Once the model representation has been created, evaluation of the profiled log-likelihood requires only installation of a new value of `θ` and updating of `L`.
The `updateL!` function is now defined (in `src/pls.jl`) as
```{julia;eval=false}
function updateL!(m::LinearMixedModel{T}) where T
trms = m.trms
A = m.A
Ldat = m.L.data
nblk = nblocks(A, 2)
for j in 1:nblk
Ljj = scaleInflate!(Ldat[Block(j, j)], A[Block(j, j)], trms[j])
LjjH = isa(Ljj, Diagonal) ? Ljj : Hermitian(Ljj, :L)
for jj in 1:(j - 1)
rankUpdate!(-one(T), Ldat[Block(j, jj)], LjjH)
end
cholUnblocked!(Ljj, Val{:L})
for i in (j + 1):nblk
Lij = Λc_mul_B!(trms[i], A_mul_Λ!(copyto!(Ldat[Block(i, j)], A[Block(i, j)]), trms[j]))
for jj in 1:(j - 1)
αβA_mul_Bc!(-one(T), Ldat[Block(i, jj)], Ldat[Block(j, jj)], one(T), Lij)
end
rdiv!(Lij, isa(Ljj, Diagonal) ? Ljj : LowerTriangular(Ljj)')
end
end
m
end
```
It relies on having appropriate methods for `scaleInflate!`, `rankUpdate!`, `cholUnblocked!`, `Λc_mul_B!`, `A_mul_Λ!`, `αβA_mul_Bc!` and `rdiv!`.

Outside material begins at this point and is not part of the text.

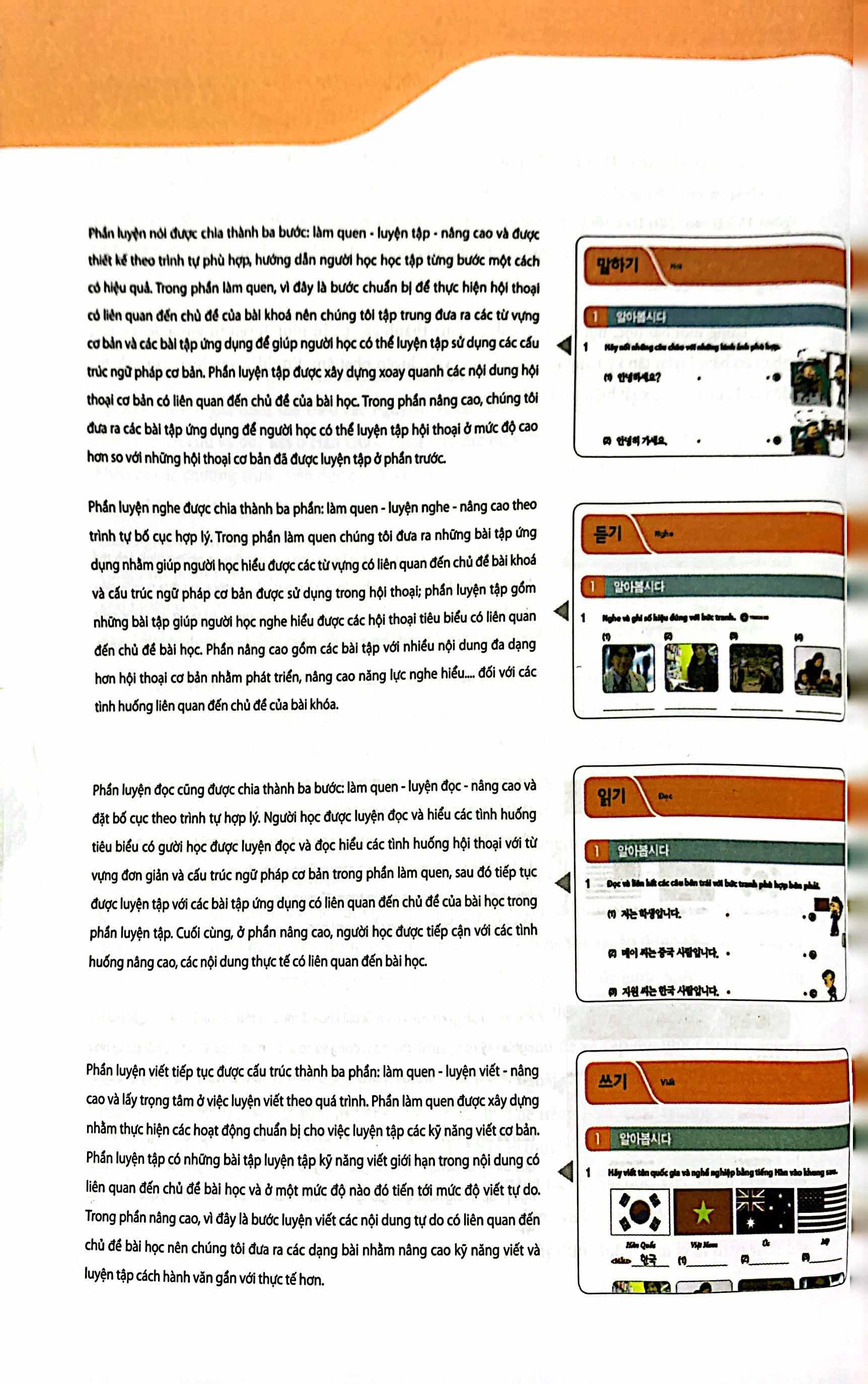 Tiếng Hàn Tổng Hợp Dành Cho Người Việt Nam - Sơ Cấp 1 - Sách Bài Tập Nếu bạn đã có trong tay cuốn Giáo trình tiếng Hàn tổng hợp dành cho người Việt Nam – sơ cấp 1 thì ngay lập tức phải sở hữu thêm cuốn sách bài tập này. Sách bài tập tiếng Hàn tổng hợp sơ cấp 1 được biên tập với mục đích nhằm hỗ trợ cho việc ôn tập và luyện tập nâng cao của những người học quyển Giáo trình tiếng Hàn tổng hợp sơ cấp 1. Sách bài tập sơ cấp 1 – bổ trợ cho Giáo trình tiếng Hàn tổng hợp được chia thành 3 phần chính sau đây: Phần 1: Luyện tập từ vựng. Phần này giúp cho người học ôn tập và luyện tập nâng cao trên cơ sở các từ vựng phù hợp với nội dung và chủ đề được học trong giáo trình chính. Phần 2: Phần luyện tập ngữ pháp giúp luyện tập các cấu trúc ngữ pháp cơ bản đã học trong giáo trình chính. Ngoài ra, bằng việc so sánh những cấu trúc ngữ pháp đã học trong giáo trình chính giúp người học có thể học ngữ pháp một cách có hệ thống. Phần 3: Phần ôn luyện tổng hợp các kỹ năng giao tiếp như: Nghe – Nói – Đọc – Viết. Đặc biệt trong phần này còn có những bài luyện đa dạng nhằm nâng cao năng lực hoạt động thực tế cho người học. Thông qua từng phần trong cuốn sách bài tập, người học sẽ được mở rộng phạm vi học tập từ vựng, ngữ pháp; có thể hiểu và thực hiện được những hội thoại thích hợp. Giáo trình tiếng Hàn tổng hợp dành cho người Việt Nam – Sách bài tập sơ cấp 1 Giáo trình tiếng Hàn tổng hợp dành cho người Việt Nam – Sơ cấp 1 được biên soạn dành cho người Việt Nam muốn học tiếng Hàn ở trình độ sơ cấp. Sách được biên soạn nhằm hướng tới việc sử dụng được trong các tiết học tiếng Hàn tại giảng đường đại học nên mỗi bài học được chia thành nhiều phần như: Lý thuyết cơ bản gồm từ vựng và cấu trúc ngữ pháp; phần luyện tập theo 4 kỹ năng giao tiếp như: Nghe – Nói – Đọc – Viết, phần luyện phát âm, phần tìm hiểu văn hóa…
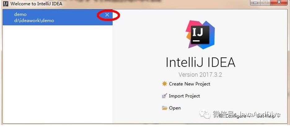 2. File->Close Project 这时IDEA回到了刚启动界面,点击项目上的 X ,IDEA中就没有这个项目了

All of the methods act in-place, as indicated by the `!` at the end of the name.
Making sure that all of the available methods are available is a bit tricky.
I keep accumulating examples but I don't have an exhaustive collection by any means so there may be situations that I have missed.
I appreciate it when users bring attention to a (reproducible, if possible) example that fails because then I know what I need to add.